Signé à Ottawa, Canada, ce 25e jour de juin 2003.

« J.F. Somers »

J.S.C.C.I.


Référence : 2003CCI431

Date : 20030625

Dossier : 2002-4709(EI)

ENTRE :

LES PROMOTIONS G. BIBEAU INC.,

appelante,

et

LE MINISTRE DU REVENU NATIONAL,

intimé,

et

SERGE LAVERDIÈRE

intervenant.

MOTIFS DU JUGEMENT

Le juge suppléant Somers, C.C.I.

[1]      Cet appel a été entendu à Montréal (Québec), le 22 avril 2003.

[2]      L'appelante interjette appel de la décision du ministre du Revenu national (le « Ministre » ), selon laquelle l'emploi exercé par Serge Laverdière, le travailleur, lorsqu'à son service, au cours de la période en litige, soit du 28 janvier 2000 au 23 juillet 2001, était assurable au sens de la Loi sur l'assurance-emploi (la « Loi » ) car le travailleur était embauché en vertu d'un contrat de louage de services.

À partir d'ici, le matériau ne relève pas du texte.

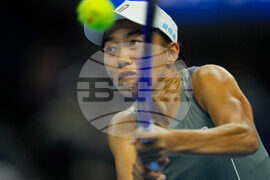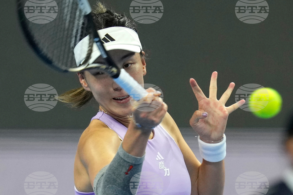 Zhang Shuai of China returns a shot from compatriot Wang Xinyu during a women's singles match for the China Open tennis tournament in Beijing, China, Friday, Sept. 26, 2025. (AP Photo/Ng Han Guan)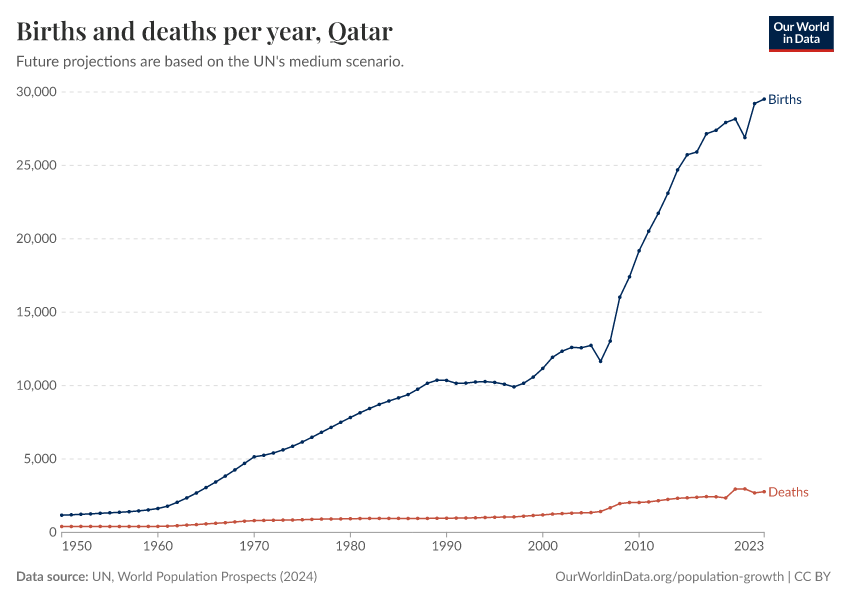 The chart below shows how births and deaths in Qatar have changed over time.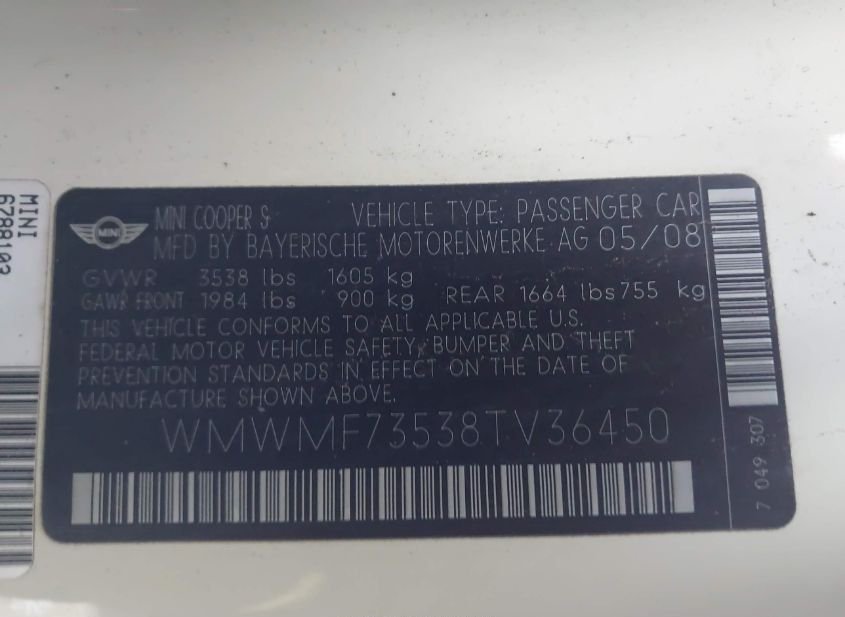 - VIN: WMWMF73538TV36450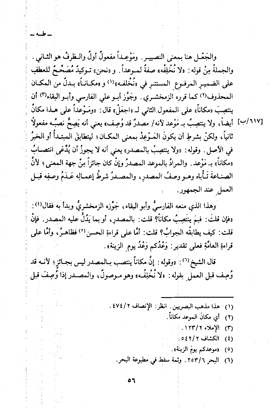 قال الشيخ: «وقوله: إنَّ مكاناً ينتصب بالمصدر ليس بجائزٍ؛ لأنه قد وُصِف قبل العملِ بقوله:» لا نُخْلِفُه «وهو موصولٌ، والمصدر إذا وُصِفَ قبل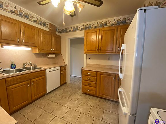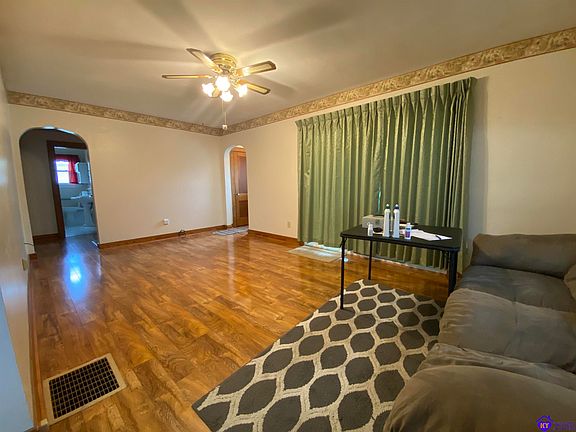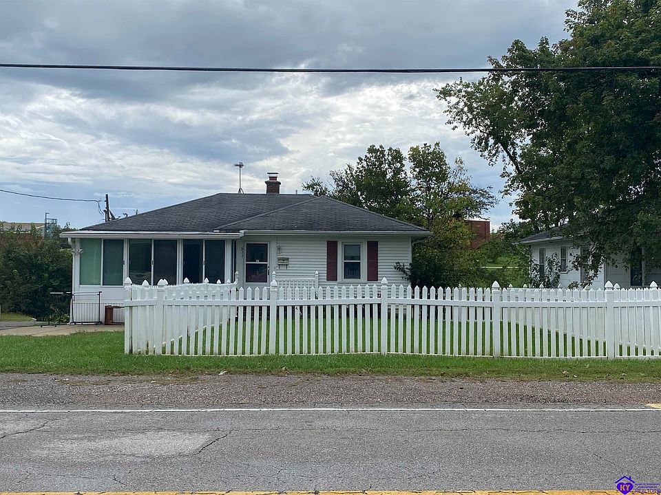 This charming house within the Brandenburg city limits has three large bedrooms, two full bathrooms, arched passageways, and plenty of storage space. The kitchen has an abundance of cabinets and counters. Not included in the 1224 square feet of this house are two enclosed porches, both lined with windows on all sides, totaling 294 square feet. The stair railing, porch railing, and fence are all maintenance free vinyl.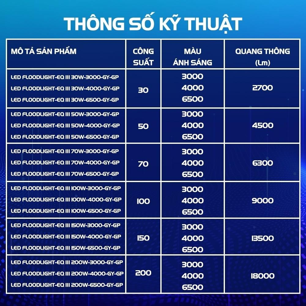 Công suất đa dạng: Đèn có nhiều lựa chọn công suất từ 30W đến 200W, cho phép bạn chọn lựa phù hợp với nhu cầu chiếu sáng của không gian và khu vực cần ánh sáng.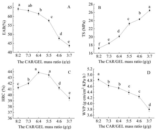 Effect of the CAR/GEL mass ratio on the elongation at break (EAB) (A), tensile strength (TS) (B), hydroxyl radical clearance (HRC) (C), and water vapor permeability (WVP) (D) of the CS/FO-CAR/GEL/GSA/CUR bilayer indicator film. (Different lowercase letters represent significant differences between data points (p < 0.05)).
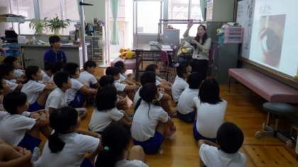 今日は4年生が発育測定をしています。目のしくみや,目を大切にすることについての話を聞きました。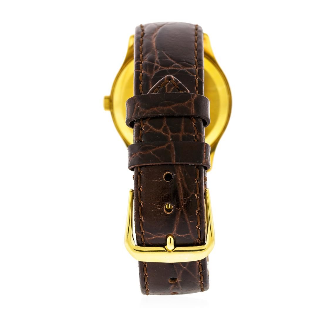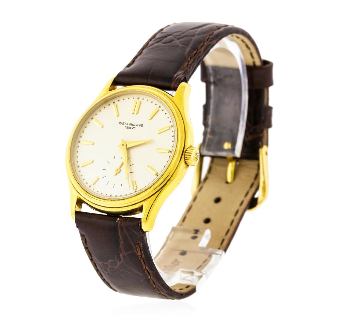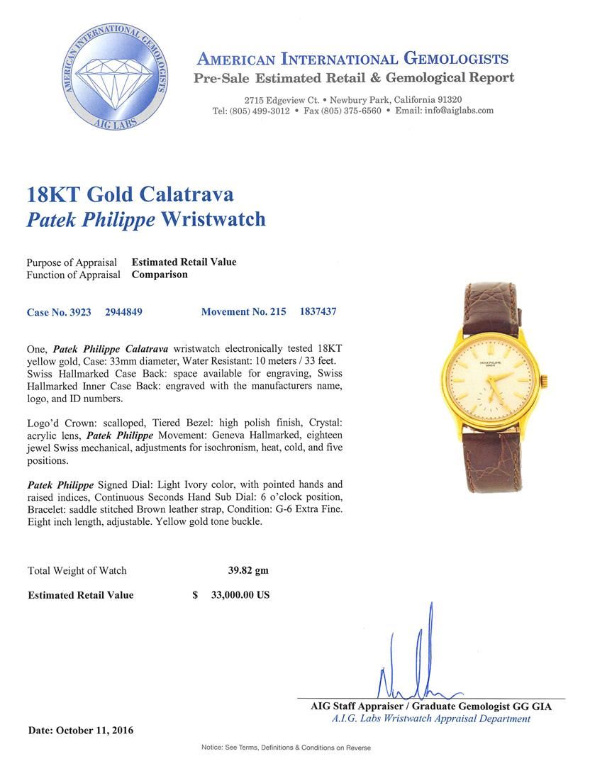 One, Patek Philippe Calatrava wristwatch electronically tested 18KT yellow gold, Case: 33mm diameter, Water Resistant: 10 meters / 33 feet. Swiss Hallmarked Case Back: space available for engraving, Swiss Hallmarked Inner Case Back: engraved with the manufacturers name, logo, and ID numbers. Logo'd Crown: scalloped, Tiered Bezel: high polish finish, Crystal: acrylic lens, Patek Philippe Movement: Geneva Hallmarked, eighteen jewel Swiss mechanical, adjustments for isochronism, heat, cold, and five positions. Patek Philippe Signed Dial: Light Ivory color, with pointed hands and raised indices, Continuous Seconds Hand Sub Dial: 6 o'clock position, Bracelet: saddle stitched Brown leather strap, Condition: G-6 Extra Fine. Eight inch length, adjustable. Yellow gold tone buckle. Total Weight of Watch 39.82gm. AIG Appraised at $33,000.00.

[3]      Le paragraphe 5(1) de la Loi se lit en partie comme suit :

            5.(1) Sous réserve du paragraphe (2), est un emploi assurable :

a)     un emploi exercé au Canada pour un ou plusieurs employeurs, aux termes d'un contrat de louage de services ou d'apprentissage exprès ou tacite, écrit ou verbal, que l'employé reçoive sa rémunération de l'employeur ou d'une autre personne et que la rémunération soit calculée soit au temps ou aux pièces, soit en partie au temps et en partie aux pièces, soit de toute autre manière;

[...]

[4]      En rendant sa décision, le Ministre s'est fondé sur les présomptions de fait suivantes énoncées au paragraphe 5 de la Réponse à l'avis d'appel, lesquelles ont été admises ou niées par la représentante de l'appelante :

a)          L'appelante, constituée en société en 1986, fait la promotion de cartes de crédit dans les centres commerciaux, foires, salons et festivals. (admis)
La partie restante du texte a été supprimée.